*The task*: Copy out all of the lines below exactly; the pictures do not belong in the copy.

*Collected data*:
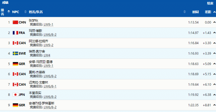 这其中为中国队斩获第3金的是河北衡水的张梦秋,作为中国残奥高山滑雪项目的领军人物,张梦秋在高山滑雪女子超级大回转-站姿的比赛中展现出了超强的实力,她领先第二名超过1秒,领先铜牌选手3秒,最后以1分13秒54的成绩获得金牌。昨天张梦秋拿下一枚银牌,以0.1秒之差丢金,今天的比赛,这位河北的姑娘弥补了自己的不足,成功拿下金牌,恭喜。
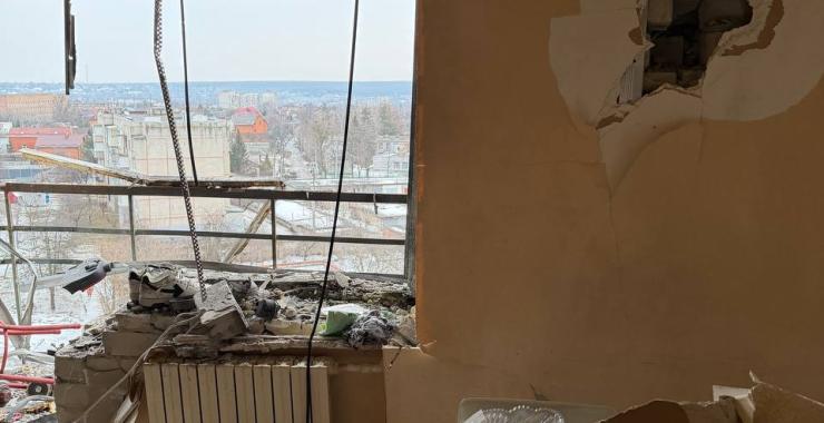 "Маємо дуже серйозні наслідки. Пошкоджений балкон, перегородки, вибиті вікна у всьому під’їзді. Крім того, руйнацій зазнала сусідня житлова багатоповерхівка", — розповів Харківський міський голова Ігор Терехов.
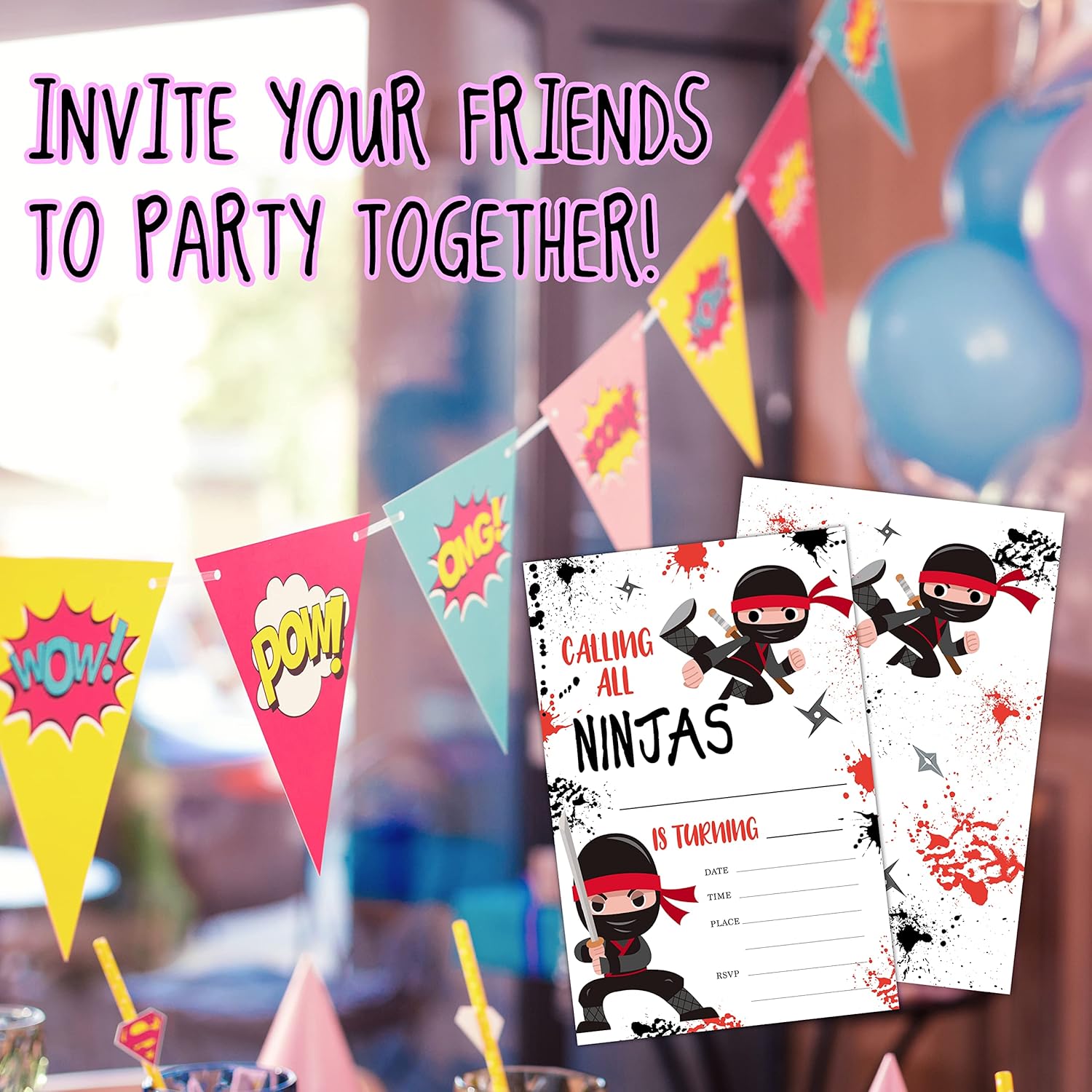 Biglietti di invito di compleanno: gli inviti per feste Ninja Boys Warrior misurano 10,2 x 15,2 cm e sono dotati di una busta corrispondente in cui inserire il biglietto. Riceverete un set di 20 buste con 20 biglietti d'invito. Design per biglietti di invito di compleanno: gli inviti sono splendidamente progettati con una grafica vivace e molto spazio per riempire i dettagli della tua festa: per: Data: Tempo: Luogo: Fornitore: RSVP: Inviti per feste di compleanno di alta qualità: i biglietti sono realizzati in robusta carta patinata di alta qualità. Adatto per scrivere con qualsiasi penna, non devi preoccuparti di sbavature di inchiostro. Gli inviti per feste di compleanno sono ideali per: feste di compleanno per ragazzi o ragazze, bambini e adolescenti, invita la tua famiglia e gli amici alla festa.
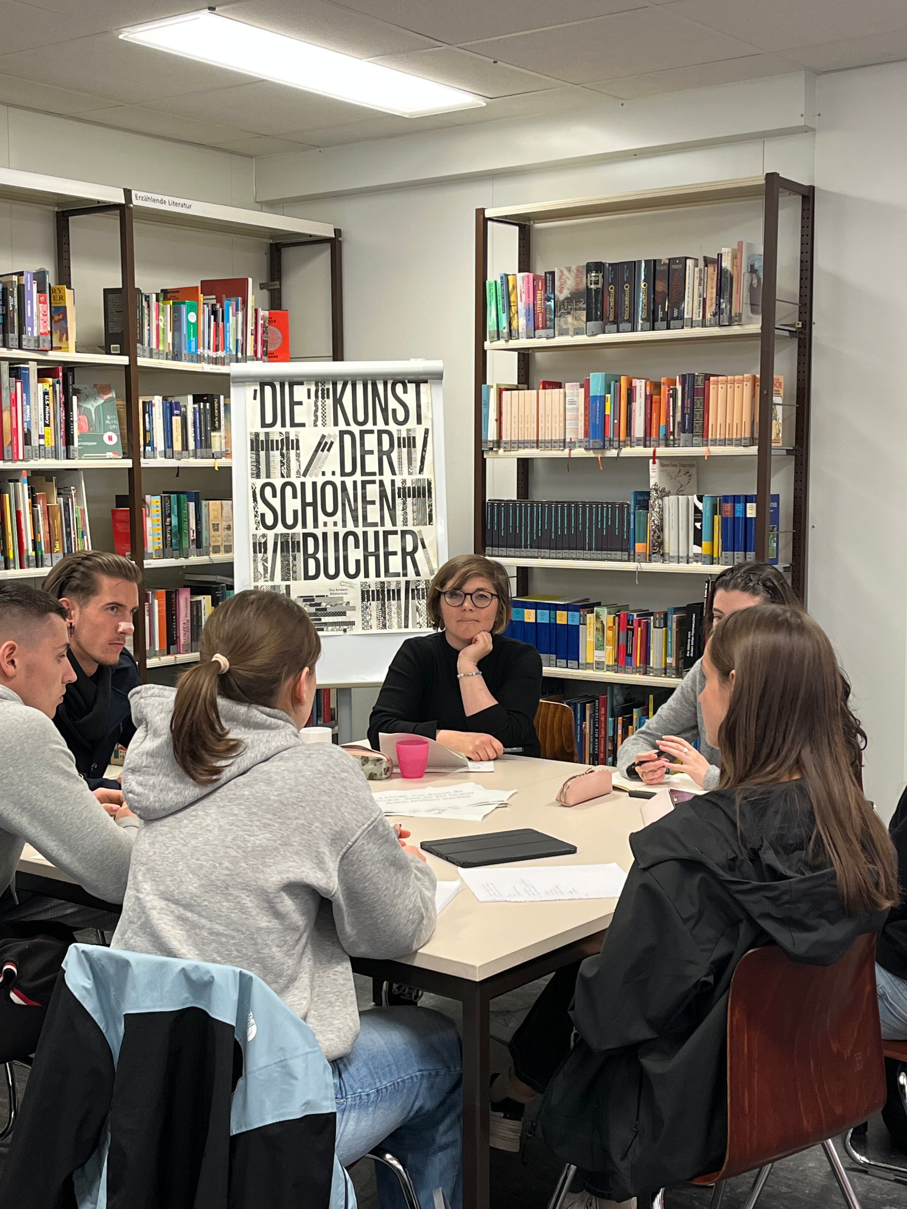 Die vierstündige Veranstaltung bestand aus einer Lesung ihres klimadystopischen Romans „Phytopia Plus“ und einem Schreib- bzw. Klimaworkshop in Kooperation mit dem Klimareferat Frankfurt und dem Verein „Umweltlernen in Frankfurt am Main“. Teilgenommen hat der Deutsch-LK aus der Q2 von Frau N. Albrecht.

*Answer box*:
 这其中为中国队斩获第3金的是河北衡水的张梦秋,作为中国残奥高山滑雪项目的领军人物,张梦秋在高山滑雪女子超级大回转-站姿的比赛中展现出了超强的实力,她领先第二名超过1秒,领先铜牌选手3秒,最后以1分13秒54的成绩获得金牌。昨天张梦秋拿下一枚银牌,以0.1秒之差丢金,今天的比赛,这位河北的姑娘弥补了自己的不足,成功拿下金牌,恭喜。
 "Маємо дуже серйозні наслідки. Пошкоджений балкон, перегородки, вибиті вікна у всьому під’їзді. Крім того, руйнацій зазнала сусідня житлова багатоповерхівка", — розповів Харківський міський голова Ігор Терехов.
 Biglietti di invito di compleanno: gli inviti per feste Ninja Boys Warrior misurano 10,2 x 15,2 cm e sono dotati di una busta corrispondente in cui inserire il biglietto. Riceverete un set di 20 buste con 20 biglietti d'invito. Design per biglietti di invito di compleanno: gli inviti sono splendidamente progettati con una grafica vivace e molto spazio per riempire i dettagli della tua festa: per: Data: Tempo: Luogo: Fornitore: RSVP: Inviti per feste di compleanno di alta qualità: i biglietti sono realizzati in robusta carta patinata di alta qualità. Adatto per scrivere con qualsiasi penna, non devi preoccuparti di sbavature di inchiostro. Gli inviti per feste di compleanno sono ideali per: feste di compleanno per ragazzi o ragazze, bambini e adolescenti, invita la tua famiglia e gli amici alla festa.
 Die vierstündige Veranstaltung bestand aus einer Lesung ihres klimadystopischen Romans „Phytopia Plus“ und einem Schreib- bzw. Klimaworkshop in Kooperation mit dem Klimareferat Frankfurt und dem Verein „Umweltlernen in Frankfurt am Main“. Teilgenommen hat der Deutsch-LK aus der Q2 von Frau N. Albrecht.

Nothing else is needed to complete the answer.